On this Father’s Day, a story of a terrified child saved by his devoted father. But on this day too my government tears children from their parents at our borders. Defends it with Bible quotes, like the Christian slavers before them.
We need not be monsters, America. Let’s save those who are lost, and rejoice in it.
Calling Me Home
One of the birds I most wanted to photograph when we arrived in Arizona was the Gambel’s quail. Not because they are rare – we saw them in the neighborhood when we were looking at our rental house – but because they called me home. It was our vacation in New Mexico a decade ago that got me excited about living in the Southwest, and my encounter with Gambel’s quail there was one of the highlights of the trip, their serenade at sunrise. So it was a special delight to photograph this male and female up on the saguaros as the sun rose, dining on the cactus blossoms, in our shared desert home. Home in a larger sense, though I see them every day in my backyard these quail were at Brown’s Ranch in McDowell Sonoran Preserve.
Call of The Gambeler
My alarm clock rang at 4:00am and I was on the road a half hour later, heading south out of Albuquerque and towards Bosque del Apache National Wildlife Refuge, best known for the spectacular fly-ins and fly-outs of snow geese and sandhill cranes during the winter months. It was late spring and those birds were long gone, but it was my first visit to New Mexico and I wanted to at least get a feel for the refuge. Even if it wasn’t the prime time to visit, I hoped for a few surprises.
The dark sky lightened as the minutes and miles passed, with the sun threatening to rise as I pulled into the parking lot of the Visitor’s Center. There were no other cars in the lot and I knew the center would be closed, but I hoped to find some trail maps and refuge information. When I opened the car door, I was greeted by a primal call coming from up the hill. Another call came, and then another. I didn’t recognize the call, so I grabbed the camera with the big telephoto lens attached and headed up the steps and towards the calls.
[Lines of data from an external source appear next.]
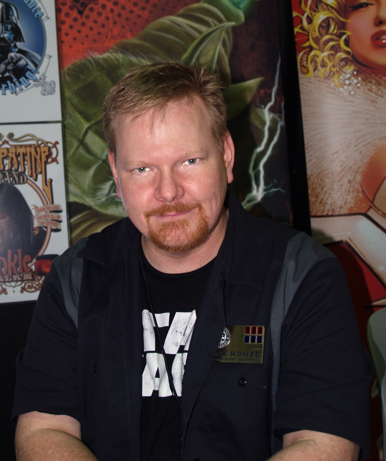 Comics writer/artist Lee Kohse on Friday, October 10, 2014 at the Jacob K. Javits Convention Center in Manhattan, Day 2 of the 2014 New York Comic Con. This photo was created by Luigi Novi. It is not in the public domain, and use of this file outside of the licensing terms is a copyright violation.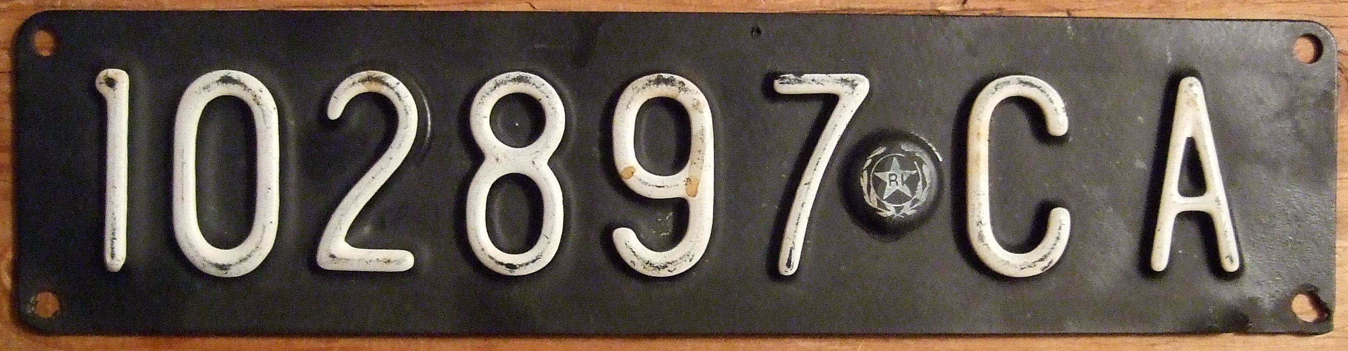 This small sized Italian license plate was used on the front of autos. "CA" denotes Caglari the city of issue the capital of Sardania. After Sicily, Sardania is the second largest island in the Mediterranean Sea. This plate is made of a thick plastic. These plates had a tendency to break at the bolt holes due to vibration of the auto. This one is intact.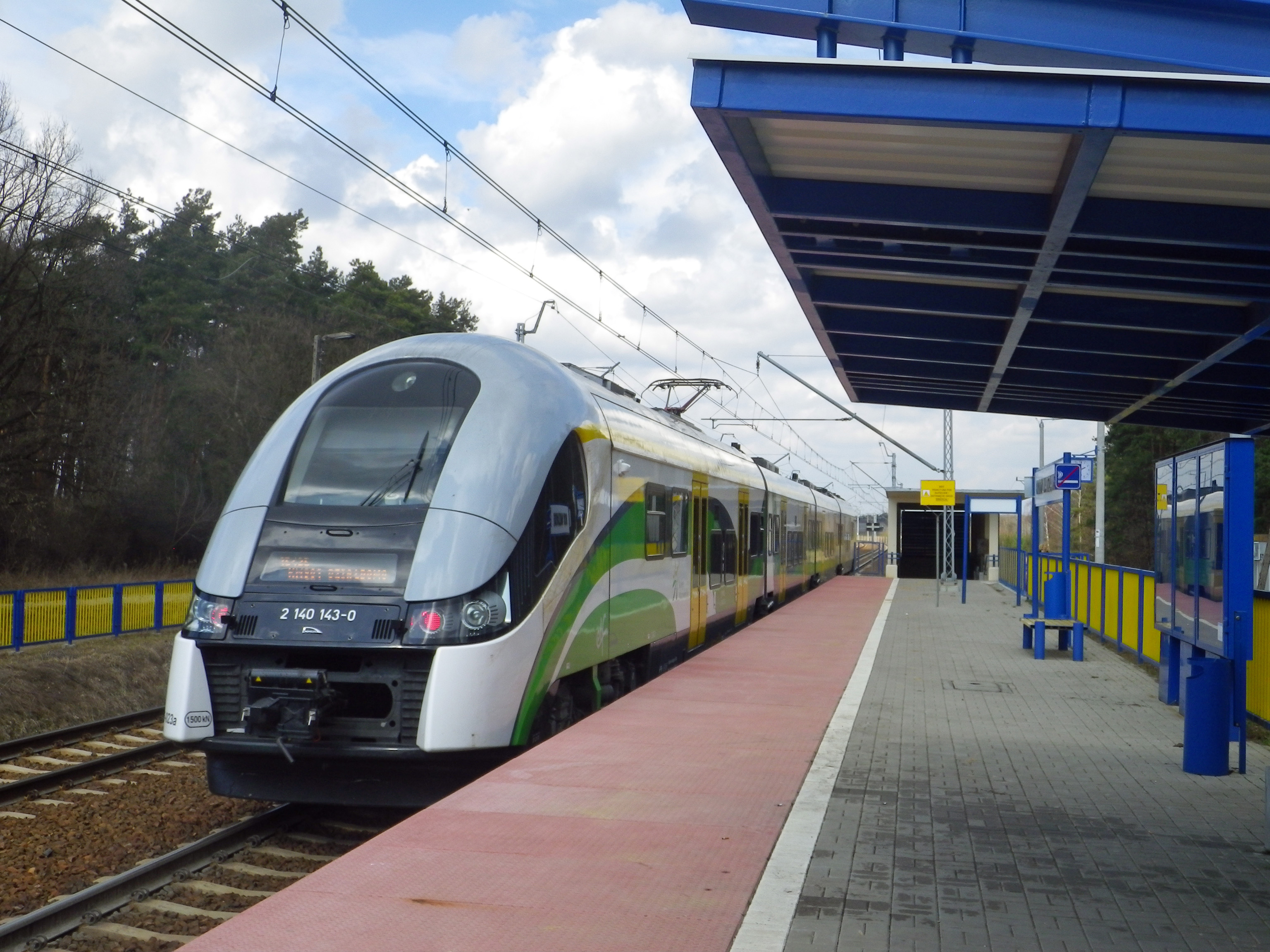 EN76 PESA Elf at Brody Warszawskie train station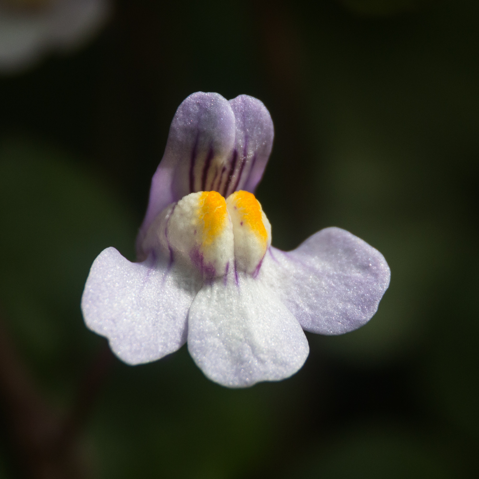 Flower of an ivy-leaved toadflax.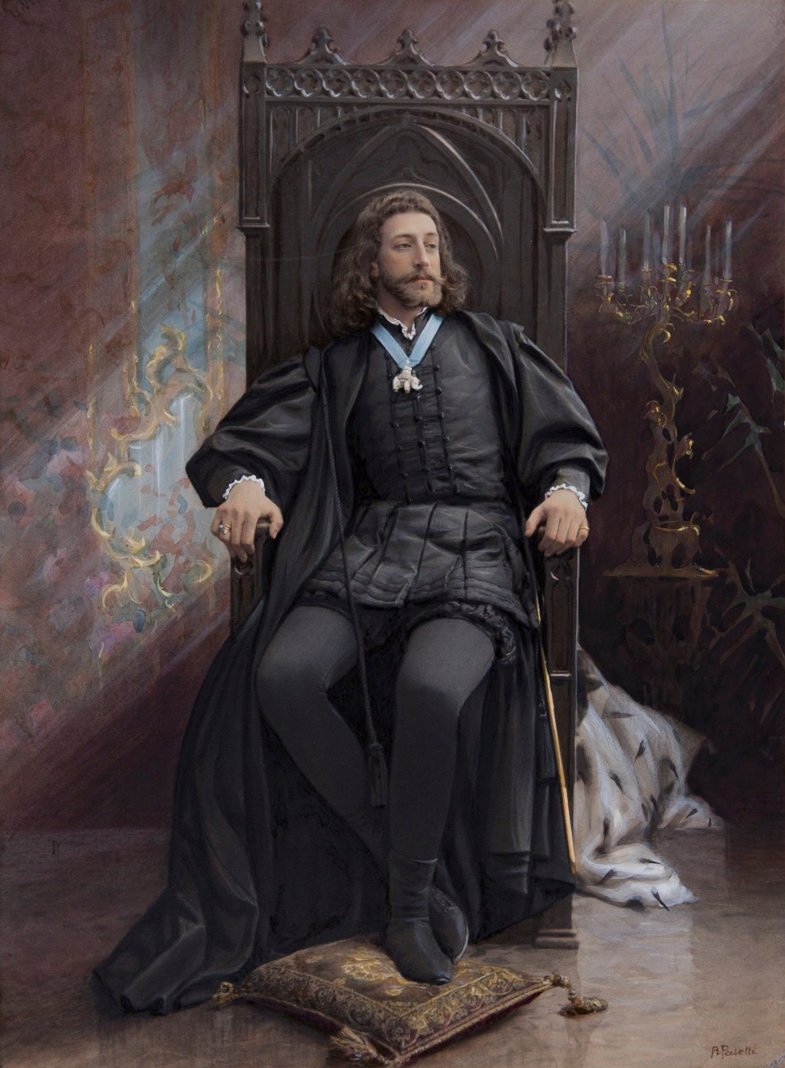 Portrait of Grand Duke Konstantin Konstantinovich , St. Petersburg. 1899 Imprint on salted paper, watercolor, white, lacquer. The Grand Duke presented as Hamlet in the amateur production of Shakespeare tragedy at the Hermitage Theatre. In 1899, Konstantin not only translated the "Hamlet" into the Russian language, but also with the permission of Nicholas II played a major role in the play. Emperor made in his diary on February 27, 1899 the following entry: "After breakfast, set off alone in the Marble Palace. Kostya Izmaylovsky's officers played a few scenes from "Hamlet", his translation. He played better than anyone."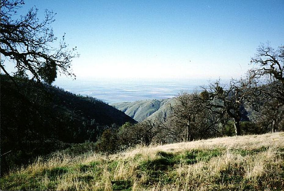 From the peak of Bear Mountain, California's fertille Central Valley stretches out to the horizon.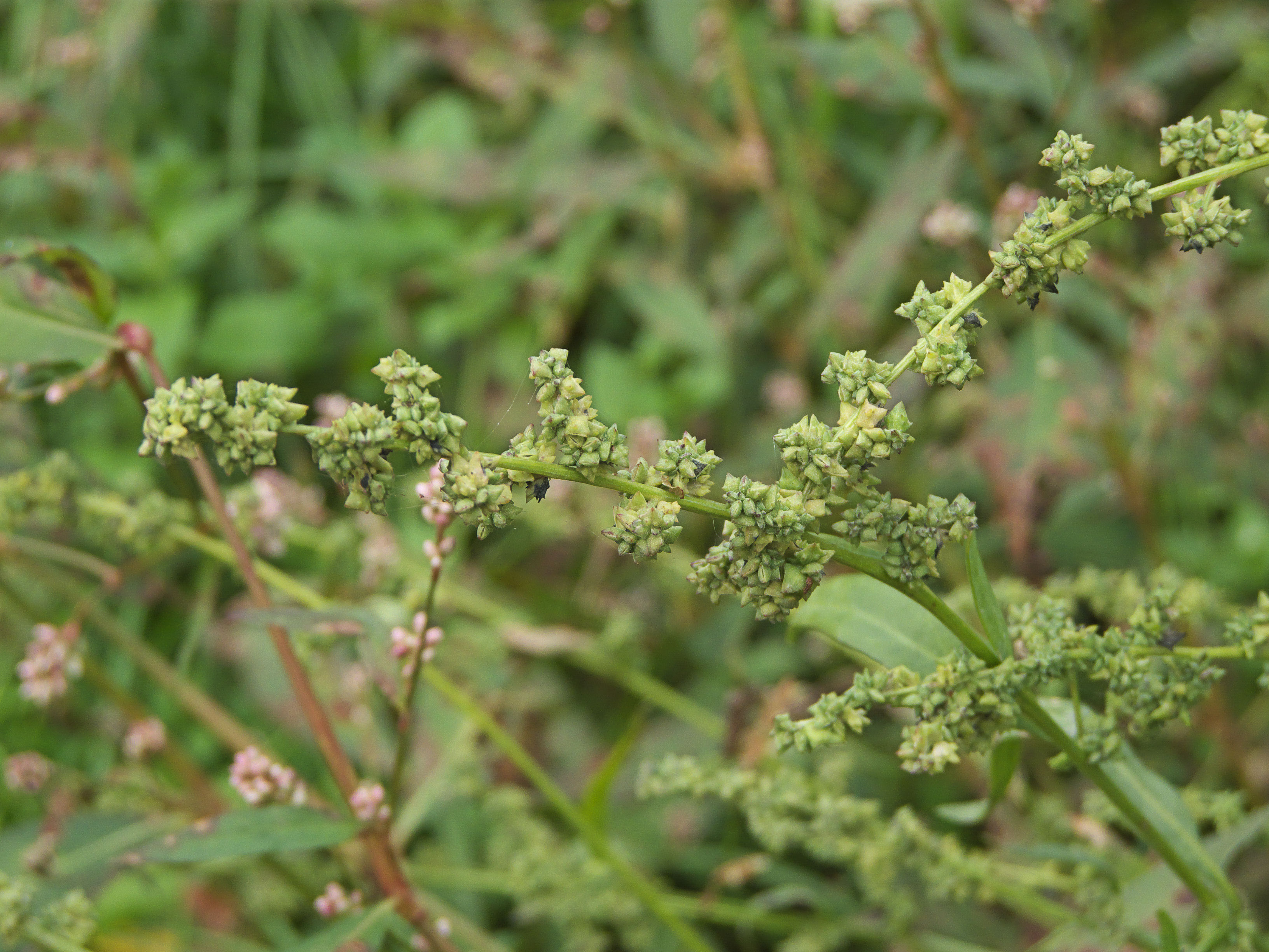 Atriplex patula inflorescence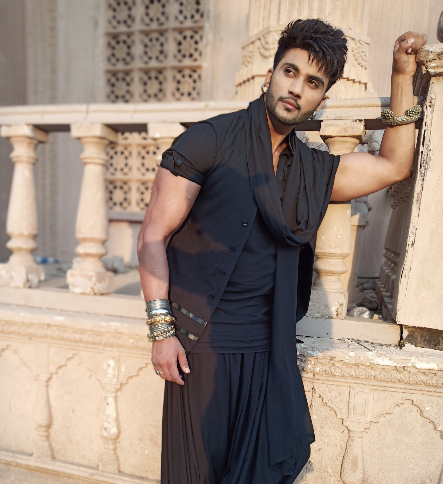 This is an image of actor Zuber K khan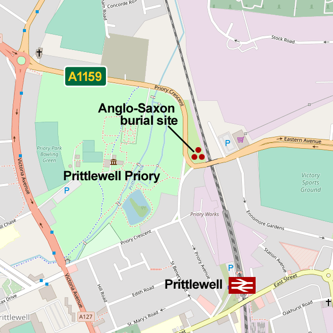 Map of the Anglo-Saxon burial in Prittlewell, Southend-on-Sea, Essex This map may be incomplete, and may contain errors. Don't rely solely on it for navigation.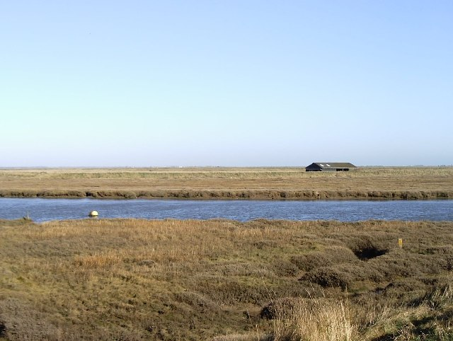 Rushley Island. Taken from the sea wall near Oxenham Farm looking north towards the island across Havengore Creek.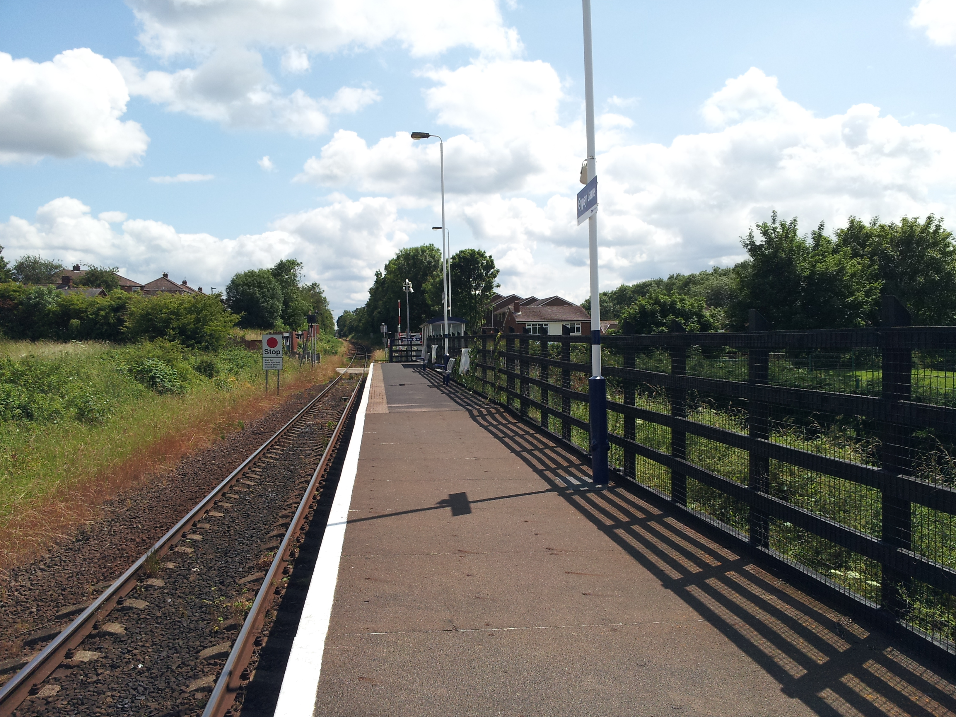 Gypsy Lane railway station July 2015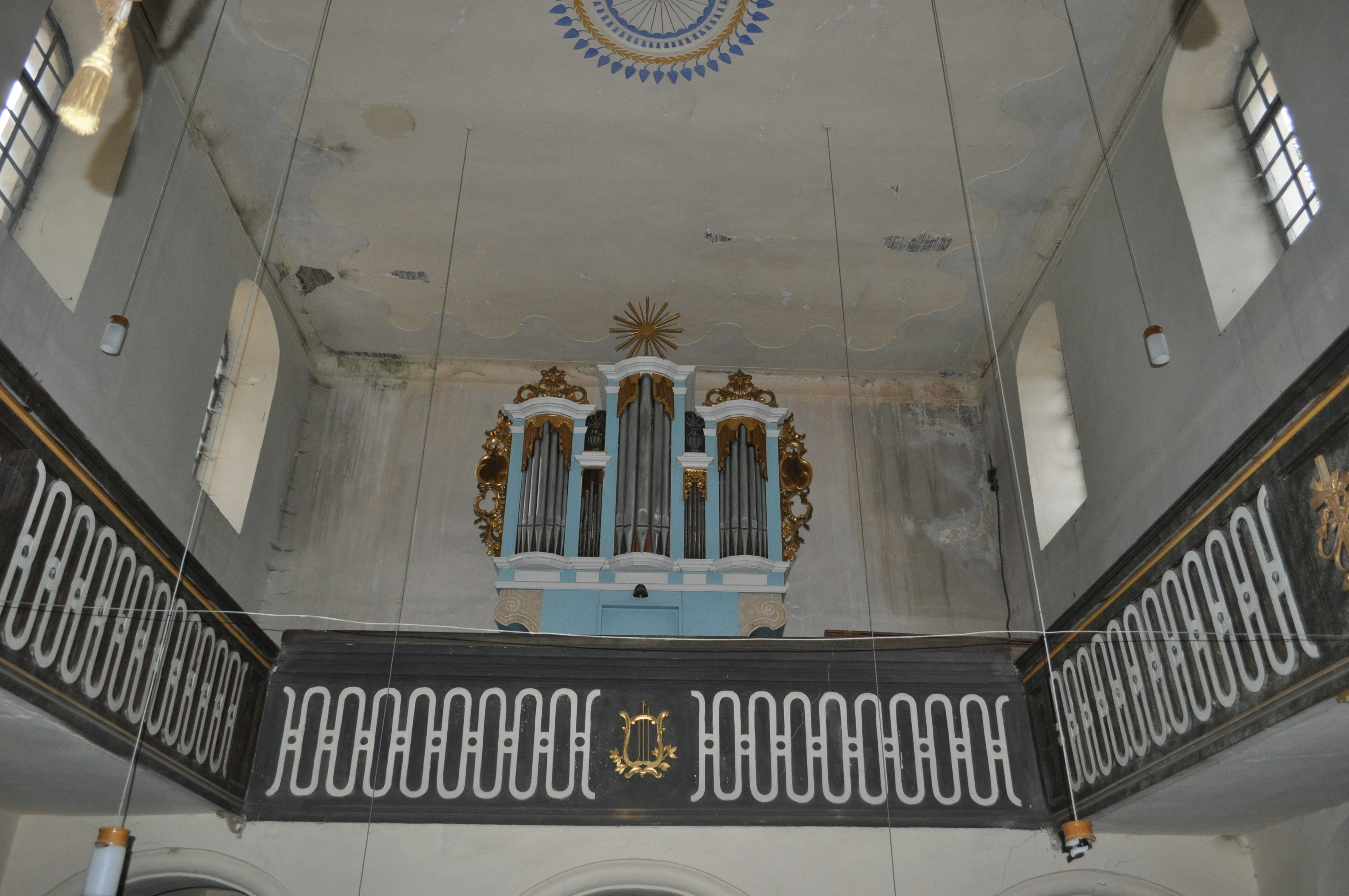 Saxon fortified church in Chirpăr, Sibiu county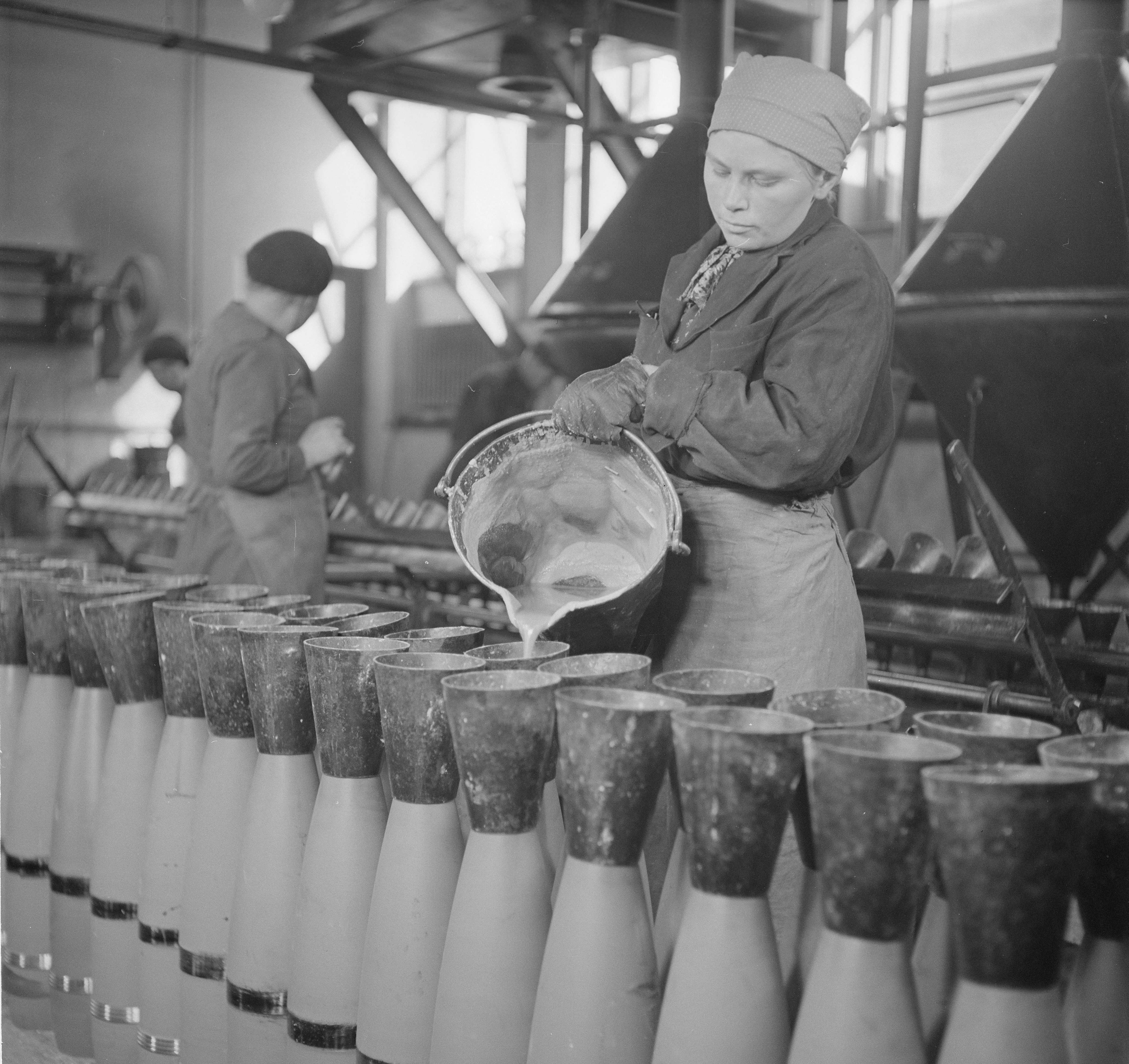 152 mm shell production in Finland - filling with amatol.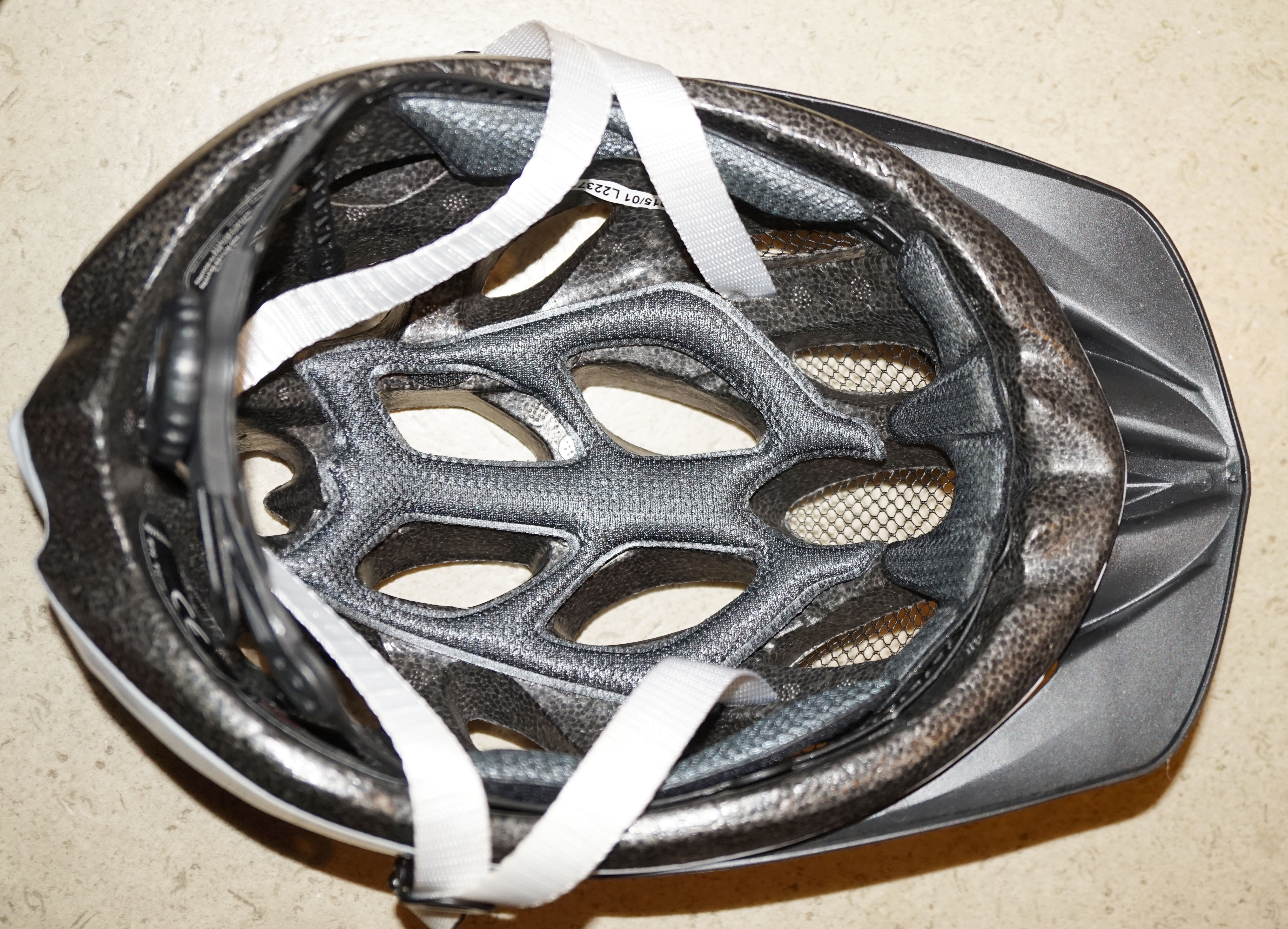 Interior of the bicycle helmet Limar 690 superlight.This photograph was taken with a Sony ILCE-5000

I moved slowly but anxiously until I saw a wooden pole with signs pointing in various directions. In the dim light I could see its top was crowned with a carved bird in the shape of a quail. I was a little disappointed when I guessed the calls were just a recording and no more real than the carving, something to give visitors a taste of the birds of the refuge. I decided to return to the car and head out onto the refuge proper. Before I could take a step the supposedly carved quail raised its head and gave a loud call.
I continued into the little desert arboretum as other quail were calling around me. It was a delightful little moment, to go from not sure if I’d see much of anything that day to being surrounded and serenaded by these birds on their high perches. The sun peeked above the horizon and I found this male in a nice location and angle to the sun, and only had to wait for the sun’s rays to reach him and for him to make his call.
I didn’t have to wait long.
A later look at my bird book showed them to be Gambel’s quail, a species I had never seen before. But names didn’t matter for now. I stood alone and watched and listened, mesmerized by my welcome to Bosque.